Чаки погасил фонарик, и они снова очутились в темноте. Но теперь ни его плечо, ни рука не касались Тинки, придавая ей ощущение безопасности. Ступеньки поскрипывали под тяжелыми шагами. Они спрятались в тени, но утренний свет уже заполнил почти все помещение.
Дверь медленно открылась. Луч фонаря скользнул по чердаку. Мистер Чаки быстро обнял Катинку и прижался губами к ее губам.
В дверях стоял Дей Трабл с револьвером в руке.
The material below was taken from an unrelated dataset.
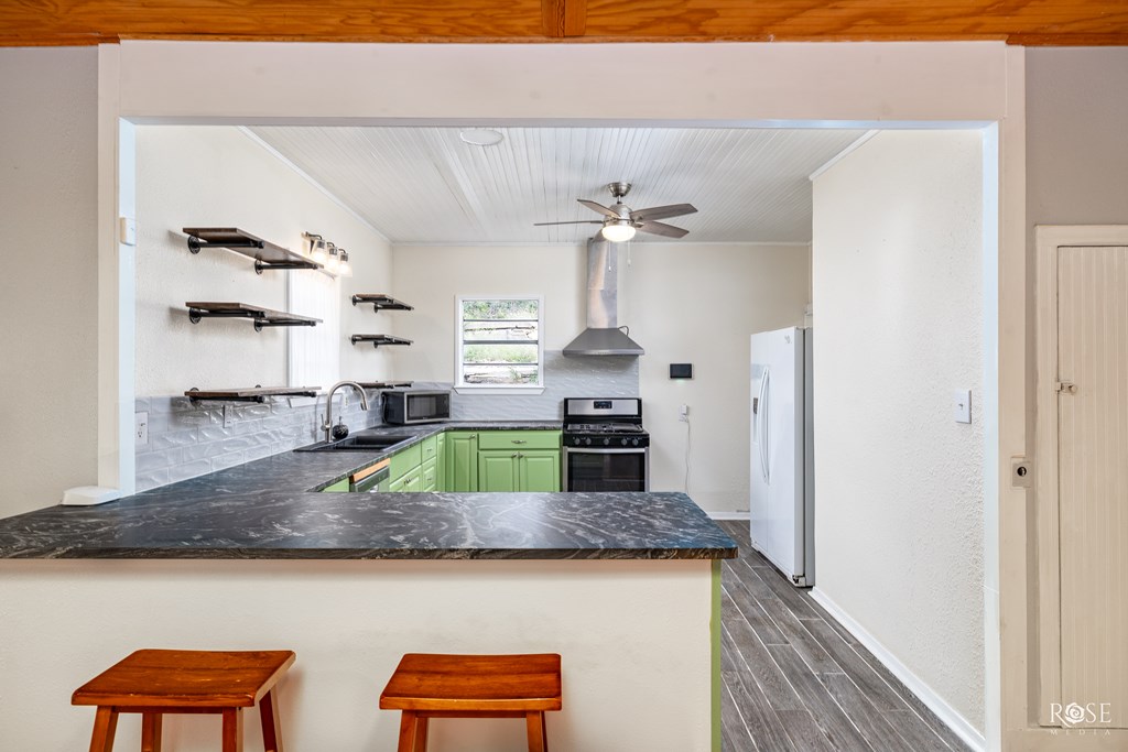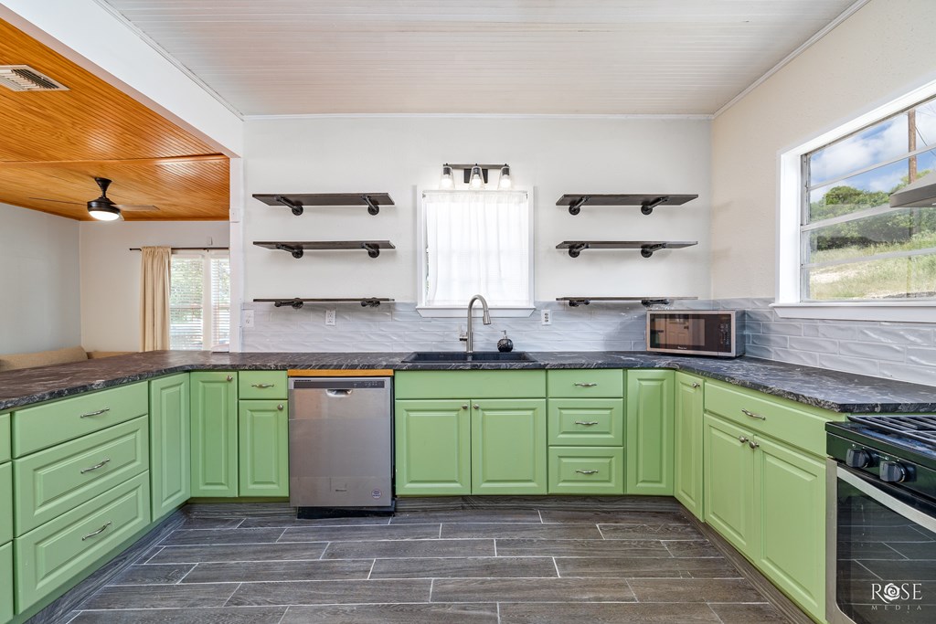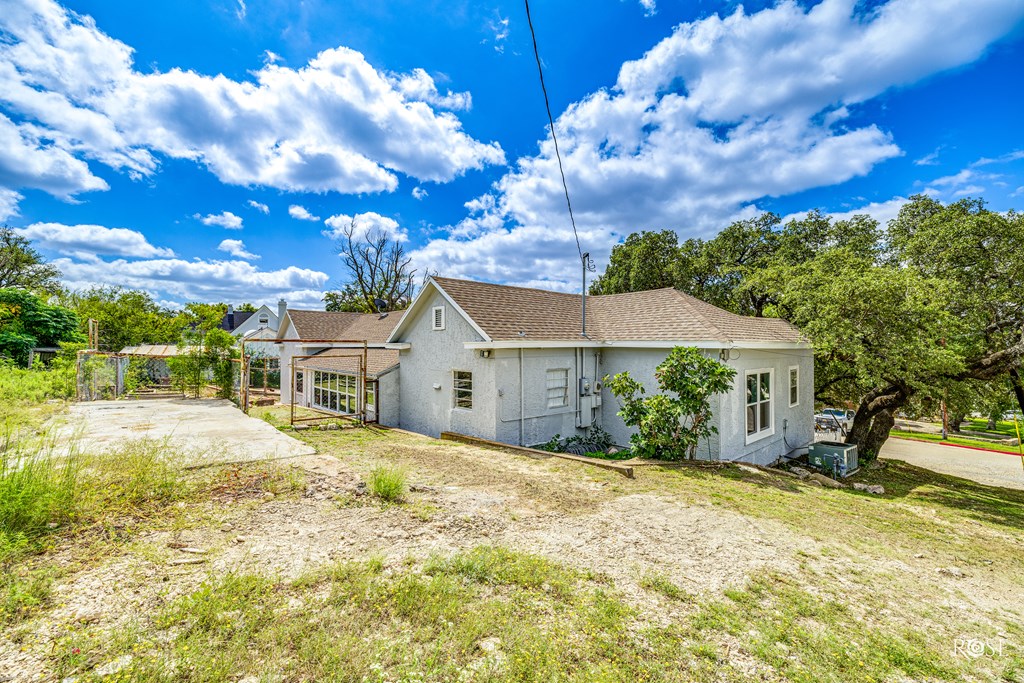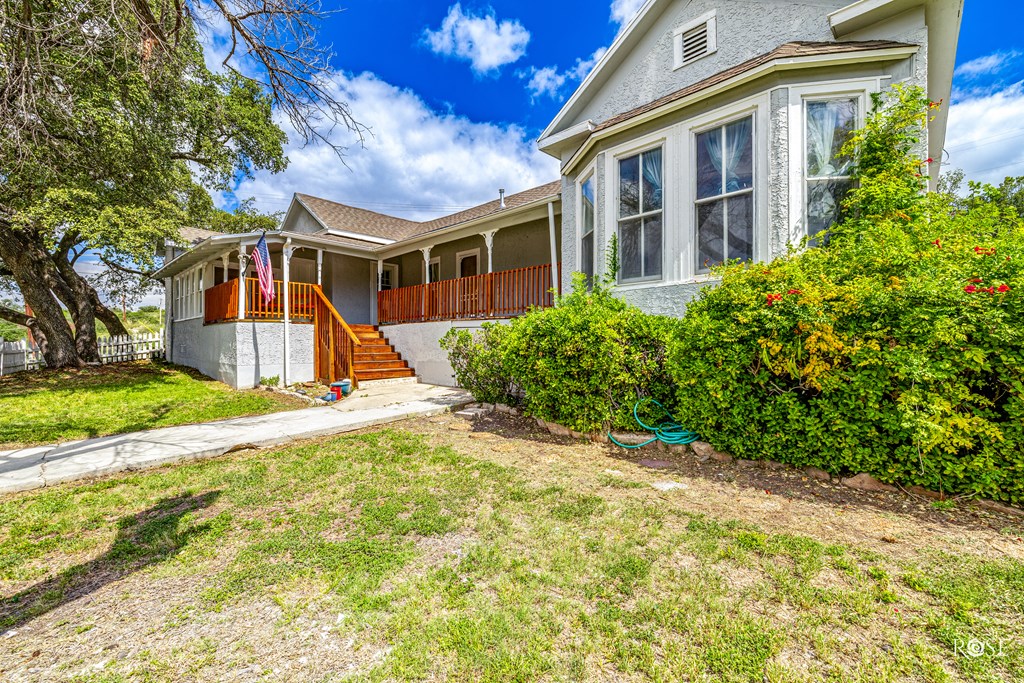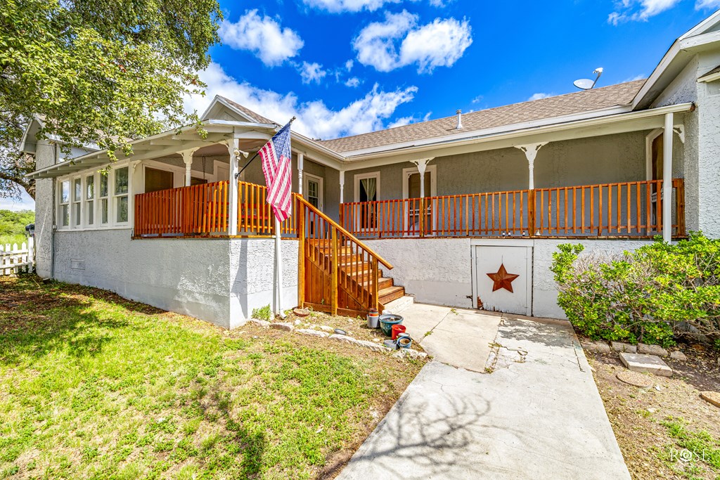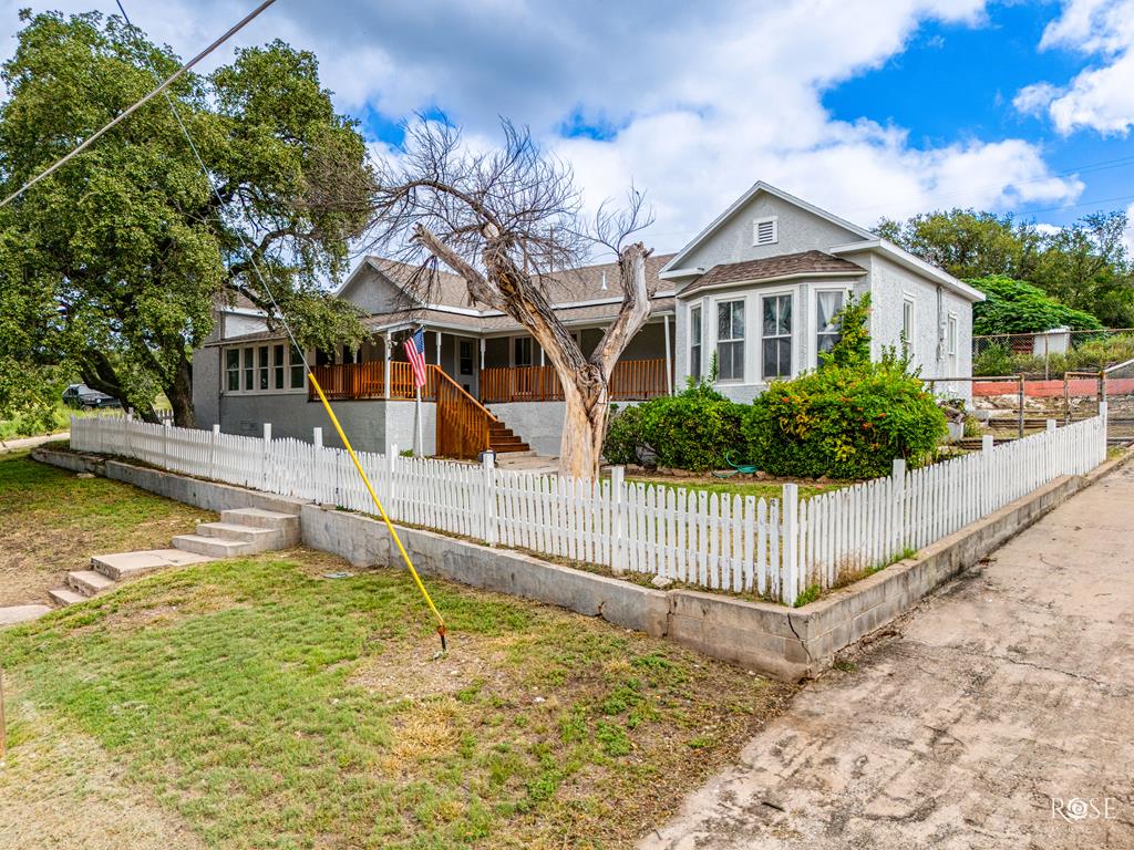 Own a piece of Sonora's history with this charming 4-bedroom, 3-bath stucco home, located on a large lot just behind the historic Sutton County Courthouse. Over 100 years old and lovingly maintained, this home boasts original hardwood floors, 9' ceilings with beaded wood details, and modern comforts like central AC/CH. All three bathrooms, the kitchen and the original wood floors have had recent renovations. A sunroom with full bath makes the perfect home office, game room or could easily be a 4th bedroom. The spacious exterior features mature live oak trees, a wood picket fence in the front, and a chain-link fence in the back. Relax in the porch swing of the large covered front porch while enjoying views of downtown Sonora or take advantage of your backyard's direct access to Eaton Hill Nature Center. This unique property offers the perfect blend of historic charm and natural beauty, all within walking distance of town. Shown by appointment only

— Ну-ка выходите! — сказал он.
Мистер Чаки опустил руки и стоял рядом с Катинкой с глупым видом. Взбешенная Тинка рванулась вперед, но рука Чаки удержала ее.
— Как же вы нас напугали, Дей! — заговорил он.
Дей Трабл обвел рукой с револьвером маленькое помещение.
— Что вы здесь делаете?
Мистер Чаки царапнул пыльный пол носком шлепанца.
— Попробуйте догадаться.
Очевидно, в безумии мистера Чаки был определенный метод. Дей опустил револьвер и осветил их лучом фонаря, как актеров на сцене.
— Но вы же на работе! — сказал он наконец. — И почему здесь?
— Мы боялись, что в одной из спален нас застукают, — промямлил Чаки.
— Вы выглядите куда хуже, когда вас застукали на чердаке. Как вы вошли? Сюда никого не пускают!
— Дверь была не заперта, мы слышали, что мистер Карлайон ушел прогуляться на гору и подумали... — Он оборвал фразу, чертя носком туфли узоры в пыли, как ребенок, пойманный за кражей варенья. — Будьте хорошим парнем, Дей, не поднимайте шум. Как вы сказали, я на работе, так что это выглядит чертовски неловко, а никакого вреда мы не причинили.
Дей спрятал револьвер в карман халата и прислонился к сундуку, выставив вперед короткие ноги.
— Никакого вреда! Даже я никогда не осмеливался совать нос на чердак, а я служу у мистера Карлайона уже год или даже больше.
— Только год? — воскликнула Катинка. Первоначальное описание Карлайона, как выздоравливающего после болезни и окруженного заботой преданных слуг, создало у нее впечатление, что у Дея куда более длительный стаж.
— С тех пор, как он женился.
—- Господи, а я думала, что вы с ним уже давным-давно!
— Нет, только с медового месяца. Слуга мистера Карлайона чем-то проштрафился, он его уволил и телеграфировал в агентство с просьбой прислать кого-нибудь еще на Ривьеру, где они тогда были.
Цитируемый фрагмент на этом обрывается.